1. **Uniform Weights**: All nodes with weight=1.0 or all edges with weight=0.5
   - Statistical features will have zero variance
   - ML model can't distinguish between easy and hard instances

2. **Missing Constraint Nodes**: Only creating variable nodes (type 0)
   - Can't analyze constraint structure and interactions
   - Loses important problem information

3. **Single Constraint Node**: One node representing ALL constraints
   - Can't model individual constraint properties
   - Loses critical problem structure

4. **Linear Weight Functions**: Using simple (distance/max_distance)
   - Use exponential or other non-linear functions for better sensitivity
   - Example: `weight = exp(-5.0 * distance / max_distance)`

5. **Ignoring Problem Scale**: Not considering how weights should change with problem size
   - An N=100 queens problem needs different weighting than N=8

## What Makes a Good Converter?

1. **Captures problem essence**: The graph structure should reflect what makes the problem hard
2. **Scales appropriately**: Large instances should have proportionally more nodes/edges
3. **Preserves difficulty indicators**: Bottlenecks and conflicts should be visible in the graph
4. **Uses all node types**: Proper use of type 0, 1, and 2 nodes
5. **Meaningful weights**: Weights that vary and reflect problem-specific metrics
6. **Rich structure**: Provides enough information for any feature extraction algorithm

## Testing Your Converter (MANDATORY)

**IMPORTANT: You MUST test your converter before submitting it!**

Test standalone (from problem directory):
```bash
# JSON files should already exist (check with: ls *.json)
# If not, create one: uv run python ../../dzn_to_json.py instance.dzn problem.mzn > instance.json

# Then test converter - THIS STEP IS MANDATORY
# Pick any instance that has a JSON file
uv run python converter.py problem.mzn instance.dzn instance.json
```

Test with validation script (from problem directory):
```bash
# The test script now looks for JSON files in the problem directory
cd ../.. # Go to project root
uv run python test_converter.py problem_filtered/YourProblem instance.dzn
```

Test with feature extraction (from project root):
```bash
uv run python extract_features_direct.py problem_filtered/YourProblem instance.dzn
```

**Your converter MUST**:
- Successfully load the JSON file
- Build a valid NetworkX graph
- Have all nodes with `type` (0, 1, or 2) and `weight` [0,1]
- Have all edges with `weight` [0,1]
- Output "Graph built: X nodes, Y edges" when run standalone

Check that:
- The converter runs without errors on at least one instance
- Harder instances have higher density or more conflicts
- Graph size scales with problem size
- Weights make semantic sense

## Version Tracking

**IMPORTANT: Include the prompt version in your converter!**

Every converter MUST include a comment specifying which version of this prompt was used:
```python
"""
Graph converter for [Problem Name] problem.
Created using subagent_prompt.md version: v_02
...
"""
```

This helps track improvements and debug issues across different converter generations.

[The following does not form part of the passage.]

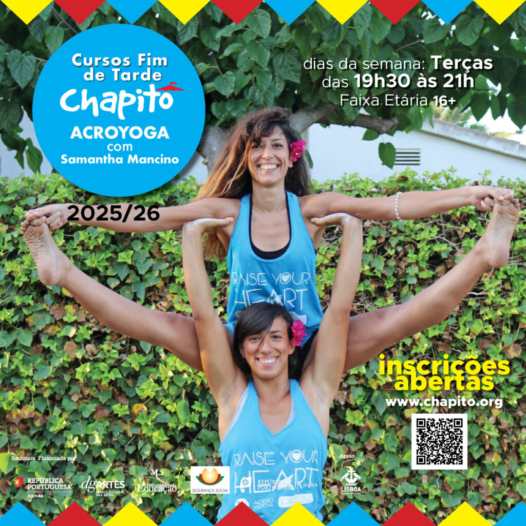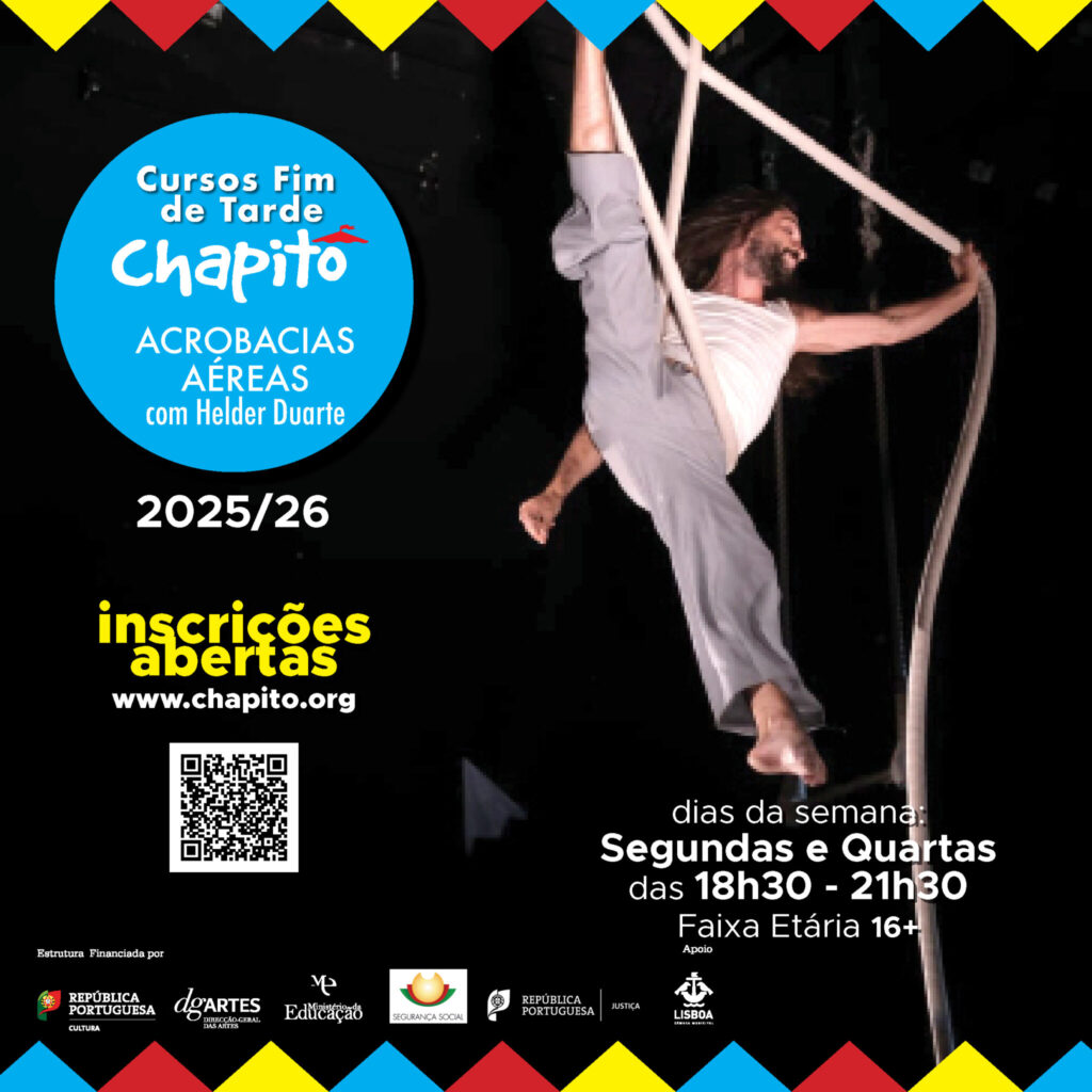 ACROBACIAS AÉREAS com Helder Duarte Duração do curso: de Setembro de 2025 a Junho de 2026 Dia da semana: Segundas e Quartas Horário: 18h30-21h30 Mensalidade: 70€ Faixa Etária: 16+

## Feedback and Environment Issues

**IMPORTANT: Report any issues you encounter!**

If you experience any of the following, document them in `./FEEDBACK.md`:
- Missing Python imports or packages
- Unclear or contradictory instructions
- Environment setup problems
- Testing script failures that seem unrelated to your code
- JSON conversion issues
- MiniZinc model parsing problems
- Any other blockers or confusion

Format for FEEDBACK.md:
```markdown
## Converter: [Problem Name]
### Issue: [Brief description]
**Details**: [Full explanation]
**Suggested Fix**: [If you have one]
---
```

This helps improve the environment and instructions for future converter development.

## Remember

- You're not translating the constraint model literally
- You're capturing the problem's **interaction structure**
- Focus on what influences **solving difficulty**
- Keep it simple - we want patterns that generalize
- **Use the JSON data directly** - no regex parsing needed!

Your domain expertise about what makes this specific problem hard is the key value you provide!